Über die Lebensweise der Mittelamerikanischen Wollbeutelratte ist erst wenig bekannt, denn es wurden bisher keine Feldstudien durchgeführt – wohl weil die Art klein, nachtaktiv und baumlebend ist und somit ein überaus schwieriges Studienobjekt darstellt. Im Folgenden sollen die spärlichen Informationen, die wir haben, zusammengefasst werden.
Regenwälder bis zu einer Höhe von ungefähr 2500 Metern ü.M. bilden den Lebensraum der Mittelamerikanischen Wollbeutelratte. Hier bewegt sich die gewandte Kletterin die meiste Zeit im oberen Bereich des Kronendachs umher. Selten steigt sie in die mittleren Baumetagen und so gut wie nie auf den Boden hinunter. Wie die meisten neuweltlichen Beutelsäuger ist sie vornehmlich nachts unterwegs. Ihre Kost ist vielfältig: Zur Hauptsache setzt sie sich aus Früchten aller Art zusammen, beinhaltet aber auch Blüten und Nektar sowie Insekten und andere Kleintiere.
Hinsichtlich der Gesellschaftsstruktur der Mittelamerikanischen Wollbeutelratte dürfen wir annehmen, dass sie wie alle anderen neuweltlichen Beutelsäuger einzelgängerisch lebt.
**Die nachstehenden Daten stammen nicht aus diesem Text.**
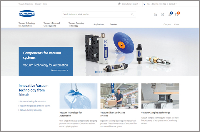 사이트 방문자는 회사, 최신 뉴스 등 필요한 모든 정보를 콤팩트하고 클리어한 구조에서 확인할 수 있으며, 특히 진공 구성부품과 그리핑 시스템, 매뉴얼 핸들링 및 크레인 시스템, 클램핑 솔루션의 정보도 제공받을 수 있다.

Zwar können sich mitunter zwei oder mehr Individuen in der Krone eines früchtetragenden Baums aufhalten, doch kommt es dabei kaum zu direkten Kontakten, weil die Tiere einander geflissentlich aus dem Weg gehen. Sollte dennoch einmal ein Individuum einem anderen zu nahe kommen, so versuchen beide, ihr Gegenüber mit Maulaufreissen und Zischen einzuschüchtern – und gehen dann in der Regel einfach beide wieder ihres Wegs.
Von der besser untersuchten Östlichen Wollbeutelratte wissen wir, dass die einzelnen Tiere Gebiete von durchschnittlich etwa drei Hektaren bewohnen, welche an den Rändern mit den Wohngebieten der Nachbarn überlappen können. Ob der zentrale Wohngebietsbereich zur alleinigen Nutzung, also als Territorium beansprucht wird, ist allerdings auch von dieser Art nicht bekannt.